Incorrect Transfer-Encoding handling with HTTP/1.0

EPSS 75.4%CWE-444
In short

Apache Tomcat versions 8.5, 9.0, and 10.0 have a flaw where they don't properly handle the HTTP transfer-encoding header in certain cases, allowing an attacker to manipulate how requests are processed when Tomcat sits behind a reverse proxy. This can lead to request smuggling attacks where one request is interpreted differently by the proxy and Tomcat, bypassing security controls.

Technical detail

The vulnerability stems from improper Transfer-Encoding header parsing: Tomcat ignores transfer-encoding if a client requests HTTP/1.0 responses, incorrectly honors identity encoding, and fails to validate that chunked encoding is the final encoding in the chain.

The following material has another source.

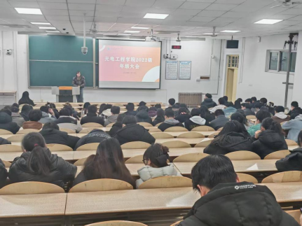 2022级在教1-101召开假期安全教育大会,会议由学工办主任刘强珺主持,2022级辅导员李俊洁、全体学生参会。
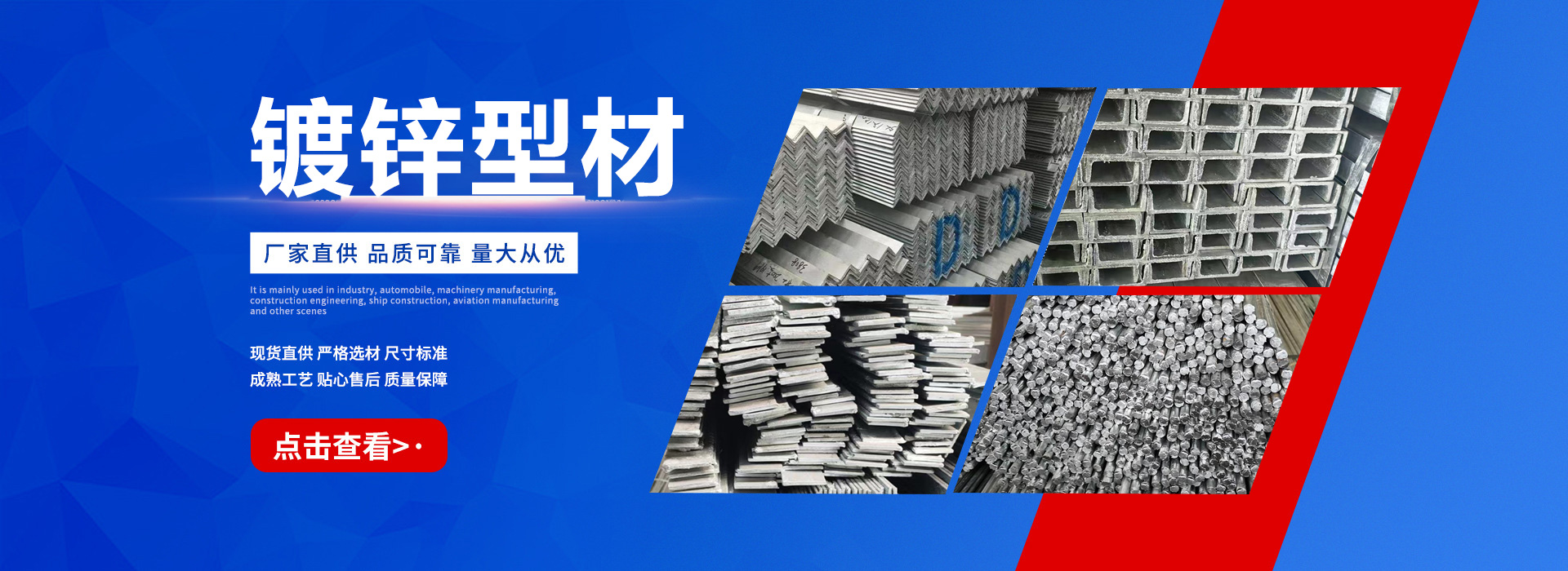 天津恒泰廣業鋼鐵有限公司是一家從事鋼鐵流通企業。本公司經過多年的努力已在華東、華北、華南地區建立起良好的信譽,不僅在同行市場營銷上取得成績,而且將直銷作為公司主要銷售模式,為直接用戶提供優惠價格、合格品質的鋼材資源,直接降低了廣大用戶的采購成本,贏的廣大鋼材采購商的信任。 天津恒泰廣業鋼鐵有限公司主營大棚管,鍍鋅管,鍍鋅方矩管,鍍鋅帶圓管,鍍鋅帶方矩管,鍍鋅H型鋼,鍍鋅角鋼,鍍鋅槽鋼,鍍鋅扁鋼,鍍鋅圓鋼等.供應溫室大棚,幕墻公司,公路設施,鋼構工程用材, 產品規格范圍: 鍍鋅鋼管4分-10寸,鍍鋅方管:20*20—800*800,選擇天津恒…

When deployed behind a reverse proxy, this discrepancy enables HTTP request smuggling (CWE-444), allowing attackers to inject requests that bypass WAF or authentication mechanisms.

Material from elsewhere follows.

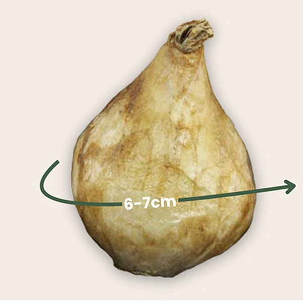 - Los bulbos tienen una circunferencia de aproximadamente 7-8 cm al recibirlos.

Summary generated and translated by AI from the official description.
Apache Tomcat 10.0.0-M1 to 10.0.6, 9.0.0.M1 to 9.0.46 and 8.5.0 to 8.5.66 did not correctly parse the HTTP transfer-encoding request header in some circumstances leading to the possibility to request smuggling when used with a reverse proxy. Specifically: - Tomcat incorrectly ignored the transfer encoding header if the client declared it would only accept an HTTP/1.0 response; - Tomcat honoured the identify encoding; and - Tomcat did not ensure that, if present, the chunked encoding was the final encoding.